Melodrama offers the hope that it may not be too late.

—Linda Williams, “Melodrama Revised” (1998)1

The ghosts of Grizzly Man, Werner Herzog’s 2005 pseudodocumentary film, visit from a teeming gothic landscape. These ghosts are, first and foremost, those of bear-loving filmmaker Timothy Treadwell and his companion Amie Huguenard, killed by grizzly attack in 2003. They may or may not include the actual bear that killed them and was summarily killed in turn. But the ghosts certainly include the figure of the vanishing animal that bear embodies, a figure that has haunted the modern world, in John Berger’s dating, for over two hundred years.2 Beyond the vanishing animal lies the prospect of human extinction it foretells and, we blindly hope, magically forestalls. All converge in the sights of a haunted medium, as the periodic death throes of cinema, reanimated with every institutional or technological lurch forward, pose the problem of an art form ever running out of time. Finally, as we will see, the ghosts of Grizzly Man are those entirely of Herzog’s own making.

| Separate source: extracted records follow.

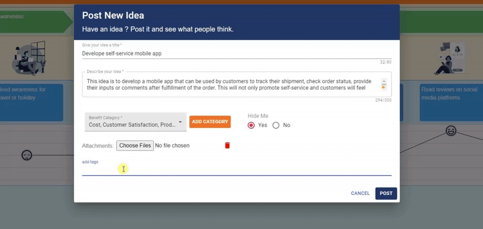 Want to submit an idea but don’t know how to explain it well? Add the attachment files and documents while submitting to support your idea.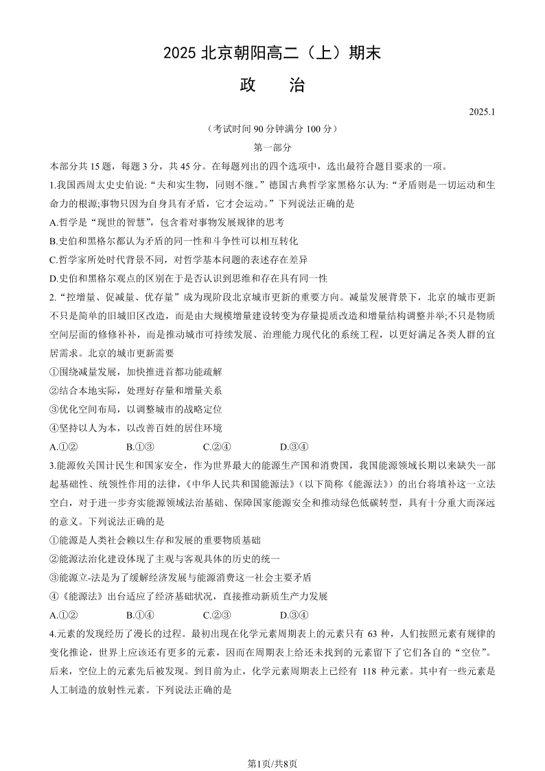北京市朝阳区2024-2025学年高二年级第一学期期末质量检测 政治.pdf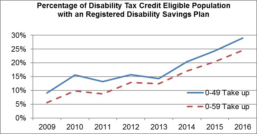 - In 2016, the take-up rate among persons aged 0 to 59 who had been approved for the Disability Tax Credit (such as, those eligible to open a plan) was 24.5%.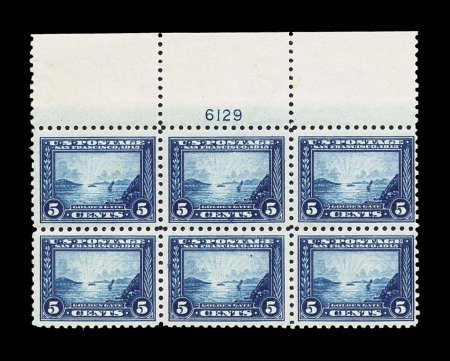 116 ogPB 403 image#403, 5c Panama-Pacific, very scarce full top margin plate no. 6129 block of six, quite fresh and intact, deep rich color and a crisp impression, quite well centered, o.g., five stamps n.h., bottom left stamp with barest trace of hinging, very fine; a terribly elusive plate block in any condition, but particularly so as a full top. (Image) $4,000.00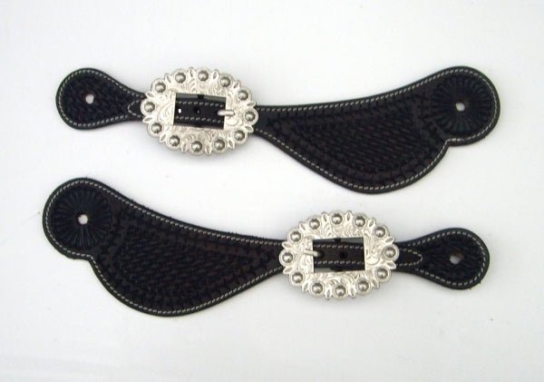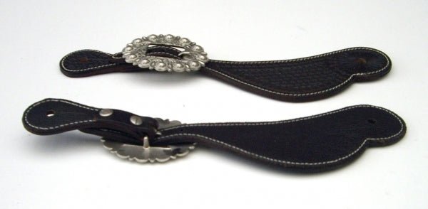 Wysokiej jakości skórzane paski do ostróg, w ciemnym brązie, zapinane dużą srebrną klamra.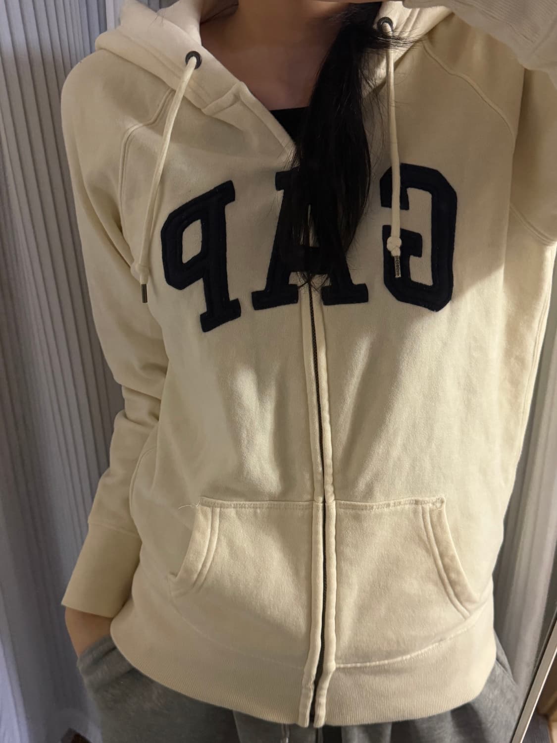 • 갭 Gap 스펠 로고 후드집업 그레이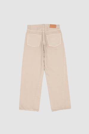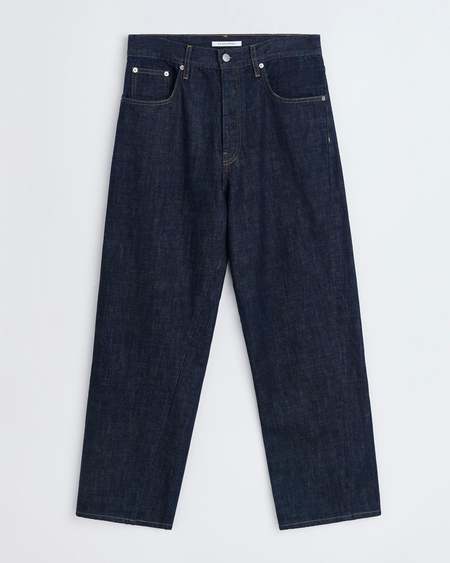 Wide fit jeans with twisted seams in an overdyed blue denim.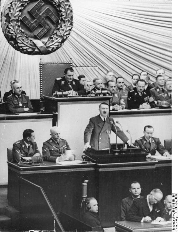 Hitler addressed a special session of the Reichstag. After speaking at great length about the victory over Poland he then proposed an international security conference, hinting at desire for an armistice by saying that such a conference would be impossible “while cannons are thundering.” Hitler declares that up to now he has only corrected the unjust Versailles Treaty and that he has no war aims against Britain and France. He blames warmongers like Churchill for the present state of affairs and Hitler calls for a new European conference to end the war, and to settle Germany’s differences with England and France. Hitler declares to the Reichstag that Germany has “no further claims against France,” and adds, “Nowhere have I ever acted against British interests.” Both Britain and France will refuse.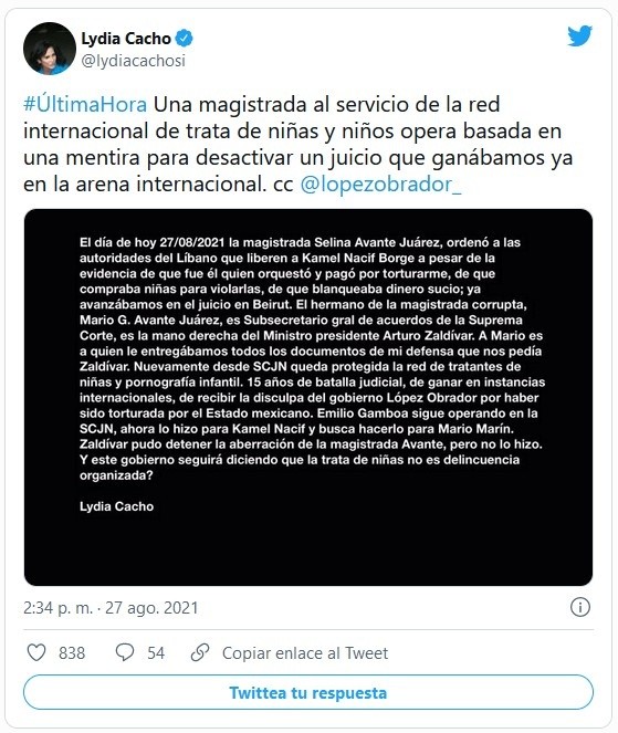 Lydia Cacho denunció este viernes a través de sus redes sociales la liberación del empresario Kamel Nacif Borge por órdenes de la magistrada Selina Avante Juárez.Además, expuso que desde la Suprema Corte de Justicia de la Nación "queda protegida la red de tratantes de niñas y pornografía infantil", puesto que era al hermano de la magistrada a quien se le entregaban los documentos de su defensa solicitados por el ministro presidente Arturo Zaldívar."La magistrada Selina Avante Juárez ordenó a las autoridades del Líbano que liberen a Kamel Nacif Borge a pesar de la evidencia de que fue él quien orquestó y pagó por torturarme, de que compraba niñas para violarlas, de que blanqueaba dinero sucio; ya avanzábamos en el juicio en Beirut", fue parte de un escrito que difundió la escritora en Twitter.Si te interesó esta noticia y quieres saber más, entonces descarga y descubre INFORMAPlus, la aplicación digital de EL INFORMADOR, en donde tenemos contenidos exclusivos, seleccionados por nuestros editores, para darles una experiencia más completa a los lectores. Si eres suscriptor de EL INFORMADOR tu acceso está incluido, solicítalo al 33 3678-7777Descarga la aplicación y pruébala GRATIS por treinta días.Para iOS: https://apple.co/35jaVgbPara Android: https://bit.ly/3gwVSEVJM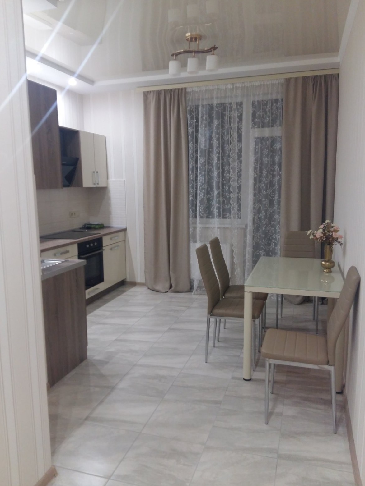 Кожен деталь продуманий до дрібниць: ремонт у м’яких, спокійних тонах “крем-брюле” налаштовує на відпочинок. Натяжні стелі та світлі шпалери лише підкреслюють елегантність і затишок вашого нового дому.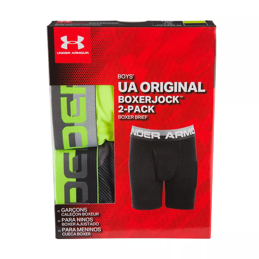 He’ll blend in wearing these boys’ Under Armour boxer briefs.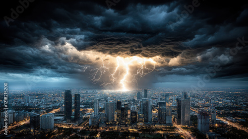 dramatic view of thunderstorm over city at dusk, showcasing lightning striking

Grizzly Man, in other words, is yet another story of the human caught between the animal and the machine, a position ever less likely to confer proud distinctions. Humans on and off screen run a veritable shuttle of hysteria between animal disappearance and machine insurgence. Both preoccupations moreover lead to moments of cinematic impasse, where the camera’s penetrating gaze fails to overcome a greater animal or machine recalcitrance. It is an impasse, I will say in passing and against the grain of film studies, that has little to do with the loss of the so-called index, little to do with the fact that digital video severs the material link to a moment of light hitting film. Treadwell shot video, but the doubt that attends his imagery is not the doubt that requires a chain of evidence; it [End Page 593] is a doubt about the intelligibility of the visible and the audible as such.3 That the same doubt plagues Herzog, who does use film, should be all the proof we need. Analog and digital movies remain in many cases more alike than different. If no one has ever worried that Treadwell’s bears are computer-generated effects, it is surely because their actions have little to offer the shopworn fantasies that dominate blockbuster moviemaking. In other words, here, as is often the case, it is not medium but genre and mode that provoke response.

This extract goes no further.